BRIEF:
The task calls for the lines below from the line with "Stg/silver White Teardrop" to the line with "El NHC señaló", both ends included, copied exactly, without any pictures.

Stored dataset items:
▶

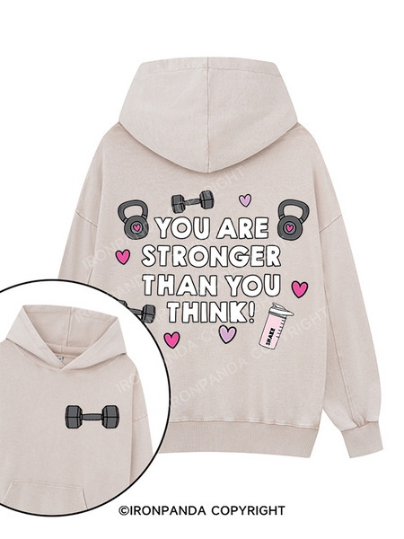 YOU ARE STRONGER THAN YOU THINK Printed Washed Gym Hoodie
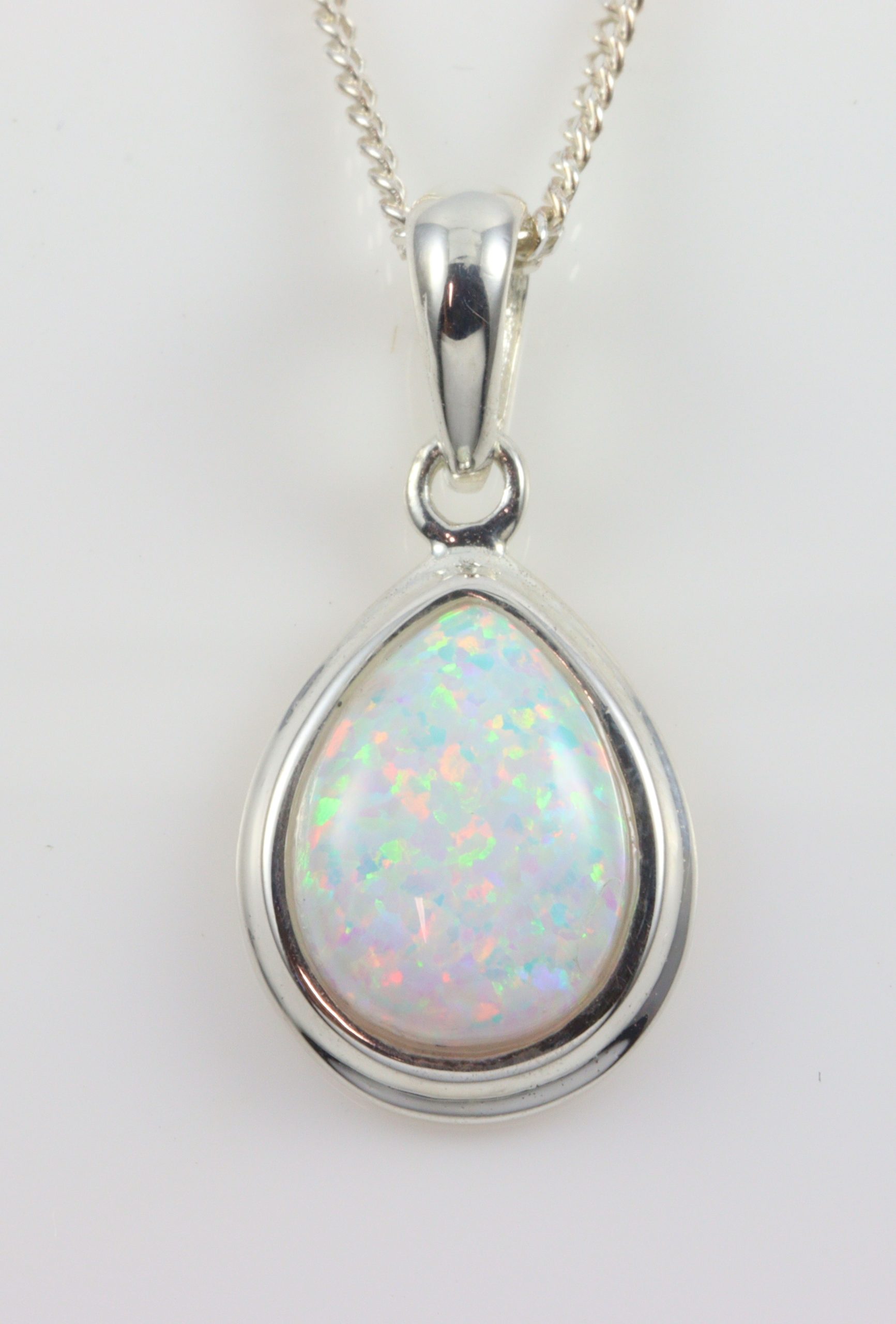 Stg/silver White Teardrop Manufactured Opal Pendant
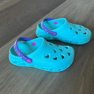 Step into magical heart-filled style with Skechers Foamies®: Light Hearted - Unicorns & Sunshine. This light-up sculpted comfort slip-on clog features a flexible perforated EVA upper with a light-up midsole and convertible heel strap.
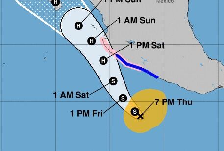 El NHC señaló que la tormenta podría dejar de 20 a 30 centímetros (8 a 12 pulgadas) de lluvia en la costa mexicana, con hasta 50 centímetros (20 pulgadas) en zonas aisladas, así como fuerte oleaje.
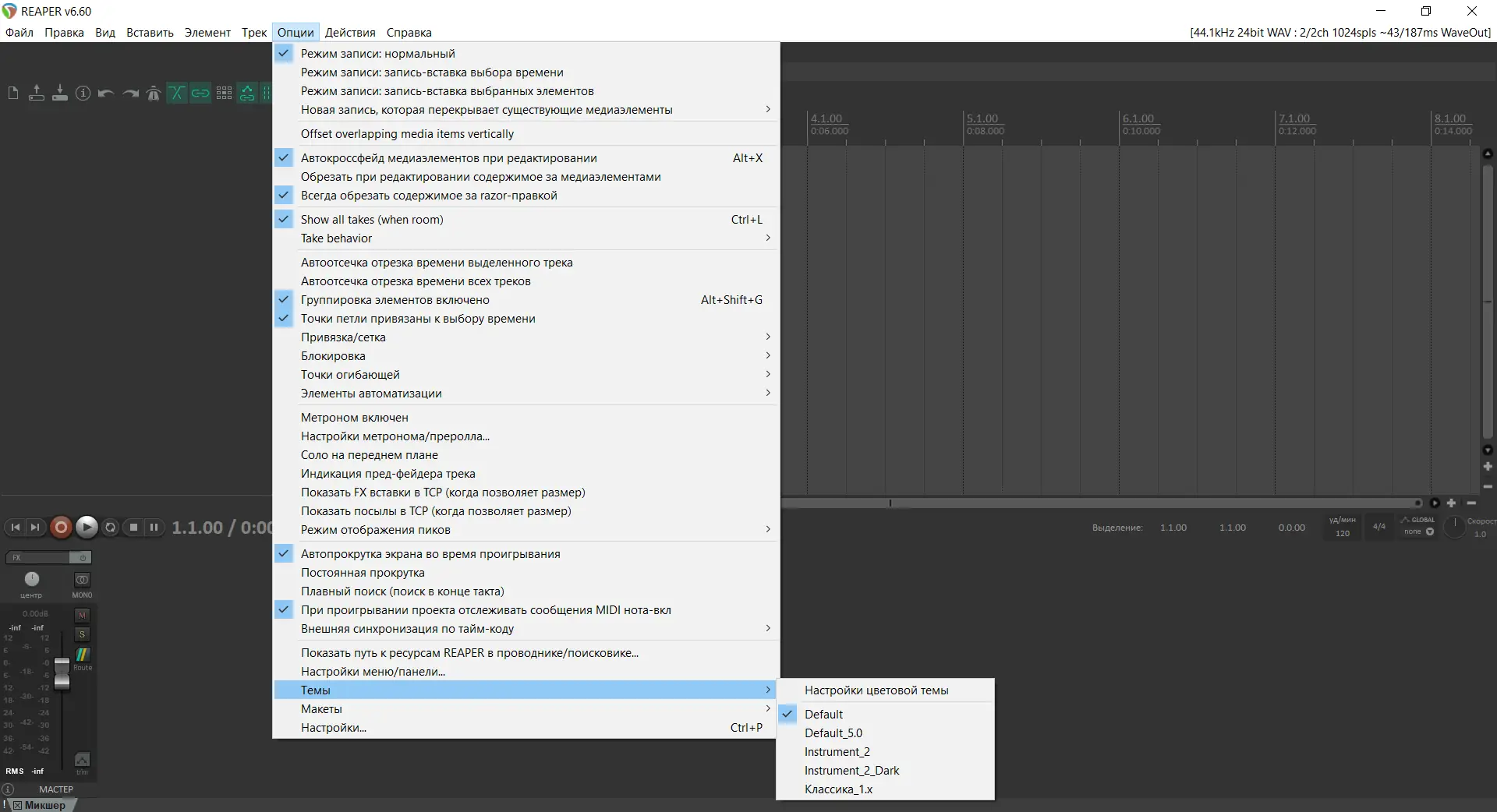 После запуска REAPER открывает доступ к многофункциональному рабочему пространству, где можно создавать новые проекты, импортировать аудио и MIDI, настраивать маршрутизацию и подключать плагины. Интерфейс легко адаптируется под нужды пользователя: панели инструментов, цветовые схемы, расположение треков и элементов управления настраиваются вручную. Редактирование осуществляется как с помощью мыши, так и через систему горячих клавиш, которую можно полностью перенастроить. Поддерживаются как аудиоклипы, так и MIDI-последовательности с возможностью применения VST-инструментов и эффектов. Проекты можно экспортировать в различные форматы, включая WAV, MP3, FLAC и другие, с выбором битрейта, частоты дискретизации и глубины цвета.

◀

ANSWER TO THIS EXERCISE:
 Stg/silver White Teardrop Manufactured Opal Pendant
 Step into magical heart-filled style with Skechers Foamies®: Light Hearted - Unicorns & Sunshine. This light-up sculpted comfort slip-on clog features a flexible perforated EVA upper with a light-up midsole and convertible heel strap.
 El NHC señaló que la tormenta podría dejar de 20 a 30 centímetros (8 a 12 pulgadas) de lluvia en la costa mexicana, con hasta 50 centímetros (20 pulgadas) en zonas aisladas, así como fuerte oleaje.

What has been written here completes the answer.